Information shown –
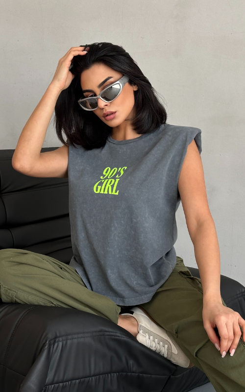 Our Nineties T-Shirt is a sleeveless padded T-shirt featuring a crew neckline and a bold ’90’’s Girl’ print on the front, offering a trendy, retro-inspired look with a modern edge.
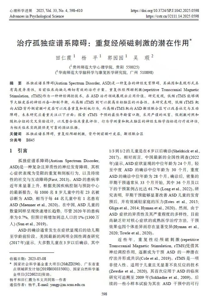 4. 研究生田仁霞作为第一作者,杨平副教授作为通讯作者,2025年3月在CSSCI期刊《心理科学进展》上发表了题为“治疗孤独症谱系障碍:重复经颅磁刺激的潜在作用”的研究论文。研究发现,低频rTMS靶向ASD背外侧前额叶皮层可以改善重复和刻板行为,而高频rTMS靶向ASD颞顶联合区可以改善社交与互动障碍。
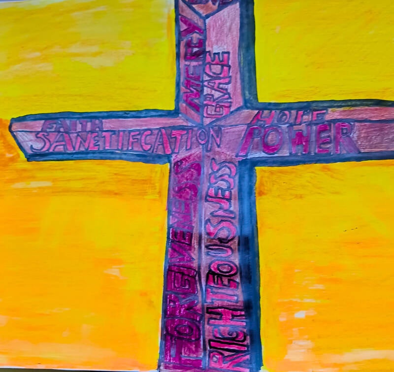 This is the original drawing of the cross that I was used for the original cover. Each word written on the cross stands for the full power that is represented when we think about Christ dying on the cross. Thus, the title "The full but Empty Cross of Jesus," the words written on the cross are Love, mercy, grace, faith, Salvation, hope, power, righteousness, forgiveness. This because when we see the cross of Jesus, we see the Love that Christ had for us by giving up his life for us. "Great love has no one than this, that someone lay down his life for his friends." John 15:13. Mercy is shown by the fact that God gave us his son as perfect sacrifice for us so that we can have a right relationship with God and that God give everyone a chance to repent and put their faith in trust Jesus Christ alone. "Remind them to be submissive to rulers and authorities, to be obedient, to be ready for every good work, to speak evil of no one, to avoid quarreling to be gentle, and show perfect courtesy toward all people. For we ourselves were once foolish, disobedient, led astray, slaves to various passions and pleasures, passing our day in malice and envy, hated by others and hating one another. But when the goodness and loving kindness of God our Savior appeared, he saved us not because of works done by us in righteousness, but according to his own mercy, by the washing of regeneration and the renewal of the Holy Spirit, whom he poured out on us richly through Jesus Christ our Savior, so that being justified by his grace we might become heirs according to the hope of eternal life. Titus 3:1-7. In this passage we not only read that God shown his mercy by the washing and renewal of the Holy Spirit, but we also see that being justified by his grace so that we might become hairs according to the hope of eternal life. Righteousness is shown by the fact that Christ became sin even though he knew no sin. 2Corinthains 5:21. Finally, we see forgiveness when Christ cries out to the Heavenly Father to forgive those who were crucifying him on the cross and those who were mocking him.
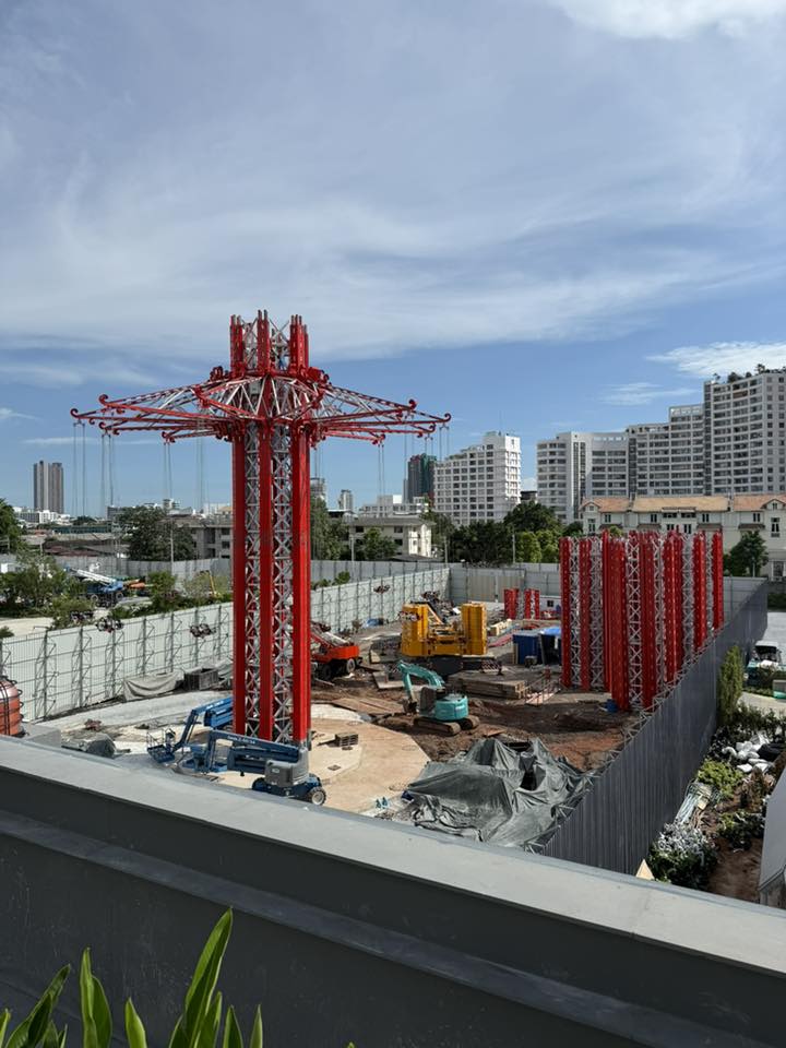 นี่คือเครื่องเล่นที่ว่า แล้วยังต่อไม่เสร็จนะ ดูเสาข้างหลังโน่นสิ

Try it –
Restate the material above exactly. Exclude all pictures.

Expected answer –
 Our Nineties T-Shirt is a sleeveless padded T-shirt featuring a crew neckline and a bold ’90’’s Girl’ print on the front, offering a trendy, retro-inspired look with a modern edge.
 4. 研究生田仁霞作为第一作者,杨平副教授作为通讯作者,2025年3月在CSSCI期刊《心理科学进展》上发表了题为“治疗孤独症谱系障碍:重复经颅磁刺激的潜在作用”的研究论文。研究发现,低频rTMS靶向ASD背外侧前额叶皮层可以改善重复和刻板行为,而高频rTMS靶向ASD颞顶联合区可以改善社交与互动障碍。
 This is the original drawing of the cross that I was used for the original cover. Each word written on the cross stands for the full power that is represented when we think about Christ dying on the cross. Thus, the title "The full but Empty Cross of Jesus," the words written on the cross are Love, mercy, grace, faith, Salvation, hope, power, righteousness, forgiveness. This because when we see the cross of Jesus, we see the Love that Christ had for us by giving up his life for us. "Great love has no one than this, that someone lay down his life for his friends." John 15:13. Mercy is shown by the fact that God gave us his son as perfect sacrifice for us so that we can have a right relationship with God and that God give everyone a chance to repent and put their faith in trust Jesus Christ alone. "Remind them to be submissive to rulers and authorities, to be obedient, to be ready for every good work, to speak evil of no one, to avoid quarreling to be gentle, and show perfect courtesy toward all people. For we ourselves were once foolish, disobedient, led astray, slaves to various passions and pleasures, passing our day in malice and envy, hated by others and hating one another. But when the goodness and loving kindness of God our Savior appeared, he saved us not because of works done by us in righteousness, but according to his own mercy, by the washing of regeneration and the renewal of the Holy Spirit, whom he poured out on us richly through Jesus Christ our Savior, so that being justified by his grace we might become heirs according to the hope of eternal life. Titus 3:1-7. In this passage we not only read that God shown his mercy by the washing and renewal of the Holy Spirit, but we also see that being justified by his grace so that we might become hairs according to the hope of eternal life. Righteousness is shown by the fact that Christ became sin even though he knew no sin. 2Corinthains 5:21. Finally, we see forgiveness when Christ cries out to the Heavenly Father to forgive those who were crucifying him on the cross and those who were mocking him.
 นี่คือเครื่องเล่นที่ว่า แล้วยังต่อไม่เสร็จนะ ดูเสาข้างหลังโน่นสิ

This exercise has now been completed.